## [Data for processing]

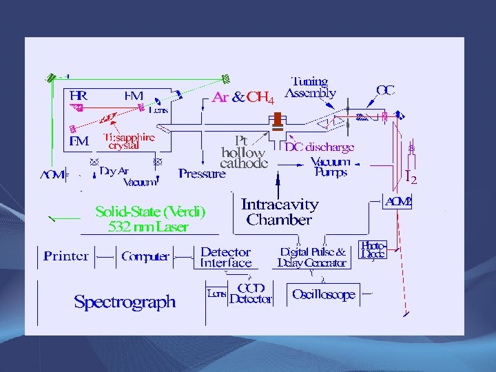 Experimental Method • Intracavity laser spectrometer at UM-St. Louis – Effective absorption pathlength is ~ 1 km – External iodine cell for calibration • Spectrum originally obtained with ~2 Torr mixture of Ar and H 2 – Still searching for Pt. H! • Pt-lined hollow cathode, 0. 2 -0. 8 A plasma current • Initially no CH 4 (or other carbon source) added! – We presume that carbon comes from residual methane absorbed on chamber surfaces – Adding CH 4 (3% in Ar) enhances signal
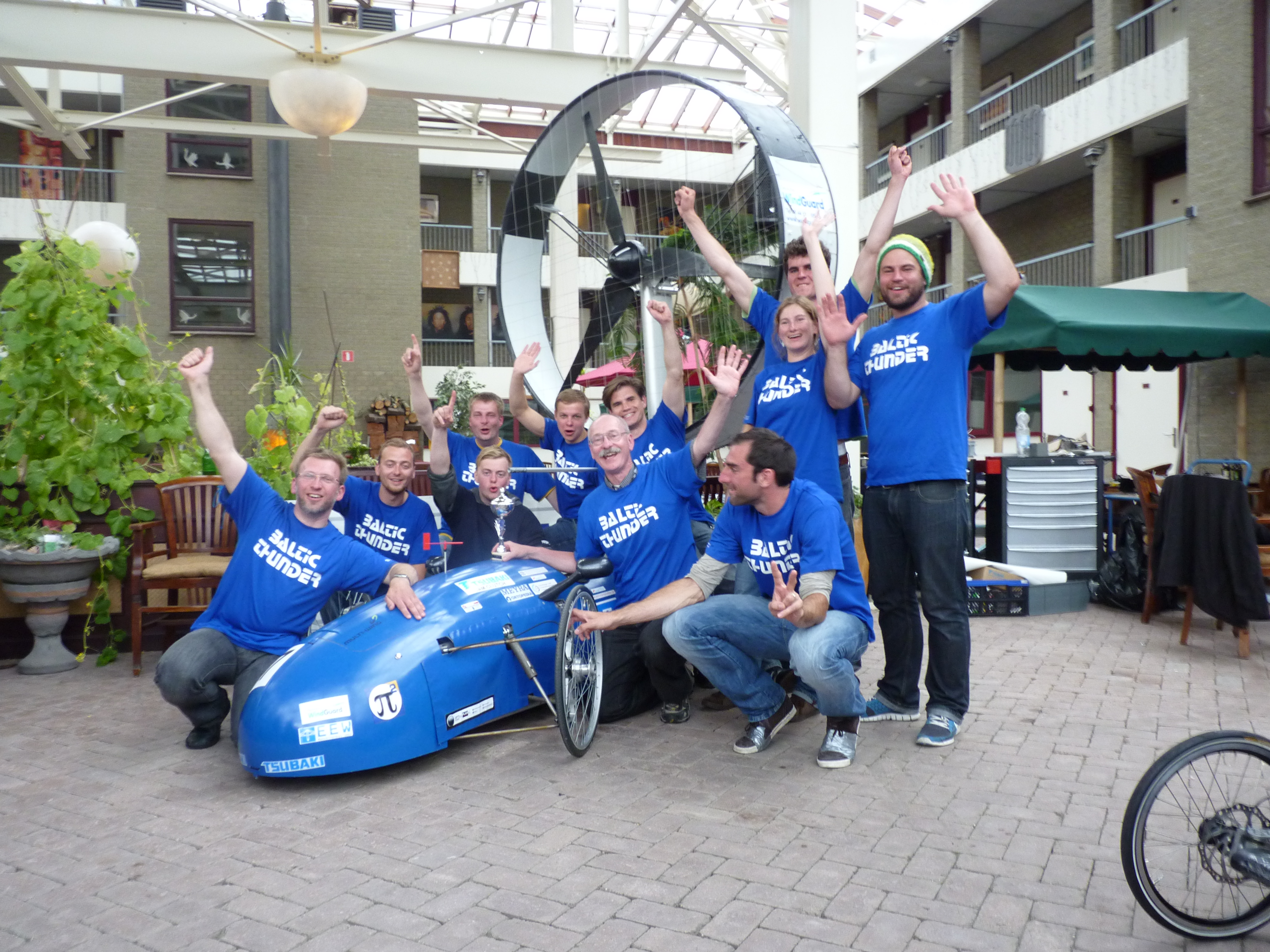 Das „Baltic Thunder“-Team 2011 (von links): Prof. Dr.-Ing. Jan Henrik Weychardt, Jan Ewald, Michael Schwarz; (oben): Christian Springe, Carsten Lueg, Matthias Nebel, Prof. Dr. Alois Peter Schaffarczyk, Felix Mund, Nadine Kunze, Christoph Preuss und Johannes Mücke
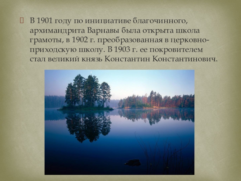 Слайд 9В 1901 году по инициативе благочинного, архимандрита Варнавы была открыта школа грамоты,
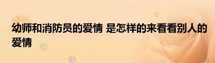 大家好.我是互联百科的羽儿,现在为大家解决以上幼师和消防员的爱情 是怎样的来看看别人的爱情的问题.
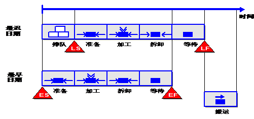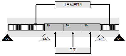排隊(duì)時間是工序的最早日期和最遲日期之間的一個間隔(見下圖)。在每次排產(chǎn)進(jìn)行期間系統(tǒng)為單個的工序段計(jì)算最早和最遲的日期。
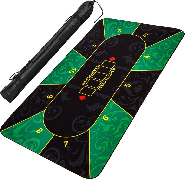 Pokerová podložka je vhodná až pre 10 hráčov. Predná strana je vyrobená z vodoodpudivého polyamidu a materiál je príjemne mäkký a hladký na dotyk (podobne ako podložka pod myš). Zadná strana je vyrobená z protišmykového prírodného kaučuku - gumový povlak zabraňuje skĺznutiu podložky. Podložku môžete zrolovať, aby sa ušetrilo miesto a vďaka priloženej taške ju vezmete jednoducho kamkoľvek.
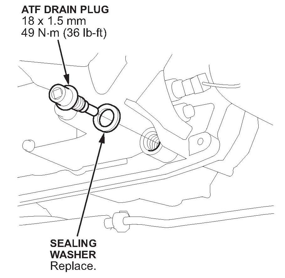 12. Install the ATF filler bolt using a new sealing washer, and torque it to 44 N.m (33 lb-ft).
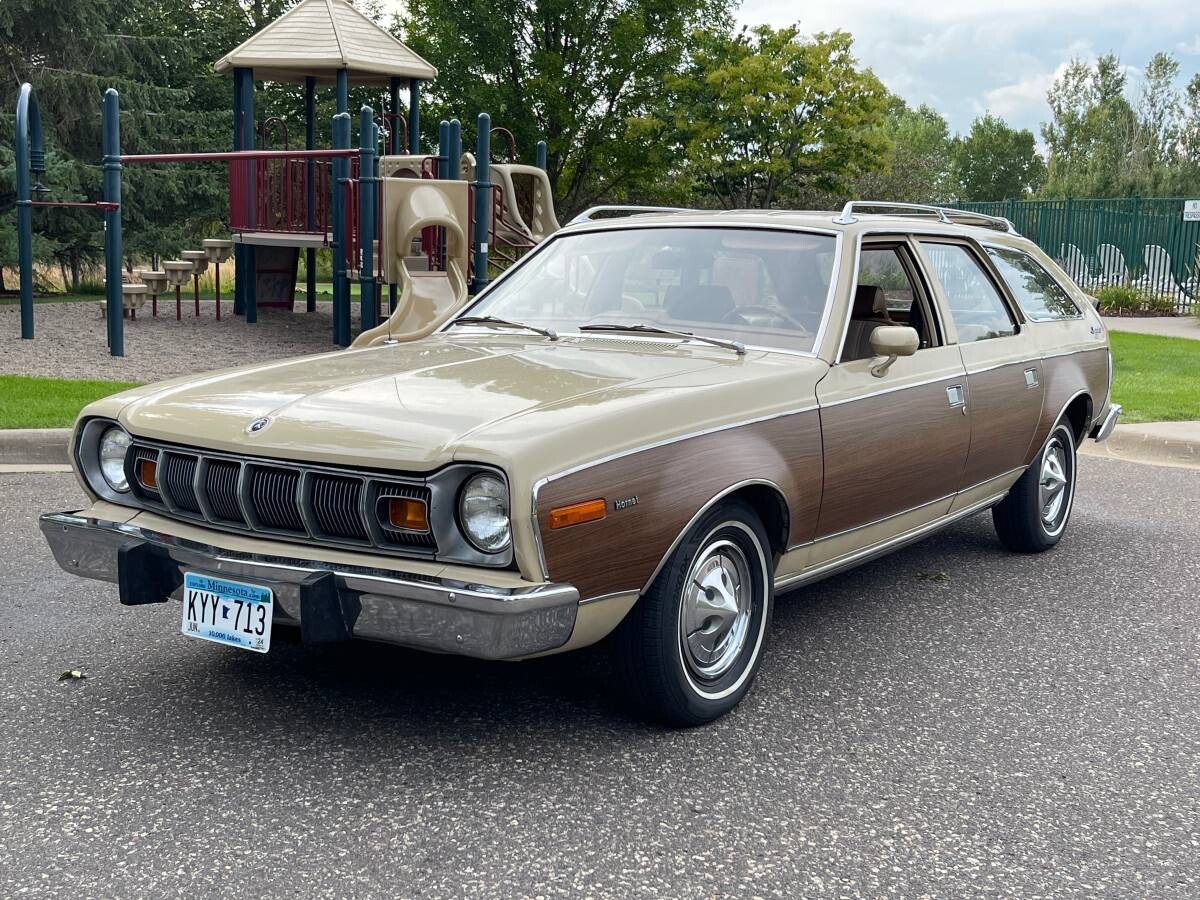 I used to have a 1975 Sportabout, purchased back in the 1990s for $100. Had it for several years but rust finally did it in. Mine had no fake wood but had the bigger six, non-power front disk brakes, and air conditioning. Without air conditioning these cars have essentially zero ventilation with windows closed and of course they lack the old Rambler American’s wonderful vent windows and kick panel vents. (There is a small vent under the dash but it’s pretty much a cruel joke.)

## [Work request]
Skip every picture, and restate word for word only the lines above from the line containing "und Johannes Mücke" to the line containing "12. Install the", both of them included.

## [Response to the exercise]
 Das „Baltic Thunder“-Team 2011 (von links): Prof. Dr.-Ing. Jan Henrik Weychardt, Jan Ewald, Michael Schwarz; (oben): Christian Springe, Carsten Lueg, Matthias Nebel, Prof. Dr. Alois Peter Schaffarczyk, Felix Mund, Nadine Kunze, Christoph Preuss und Johannes Mücke
 Слайд 9В 1901 году по инициативе благочинного, архимандрита Варнавы была открыта школа грамоты,
 大家好.我是互联百科的羽儿,现在为大家解决以上幼师和消防员的爱情 是怎样的来看看别人的爱情的问题.
排隊(duì)時間是工序的最早日期和最遲日期之間的一個間隔(見下圖)。在每次排產(chǎn)進(jìn)行期間系統(tǒng)為單個的工序段計(jì)算最早和最遲的日期。
 Pokerová podložka je vhodná až pre 10 hráčov. Predná strana je vyrobená z vodoodpudivého polyamidu a materiál je príjemne mäkký a hladký na dotyk (podobne ako podložka pod myš). Zadná strana je vyrobená z protišmykového prírodného kaučuku - gumový povlak zabraňuje skĺznutiu podložky. Podložku môžete zrolovať, aby sa ušetrilo miesto a vďaka priloženej taške ju vezmete jednoducho kamkoľvek.
 12. Install the ATF filler bolt using a new sealing washer, and torque it to 44 N.m (33 lb-ft).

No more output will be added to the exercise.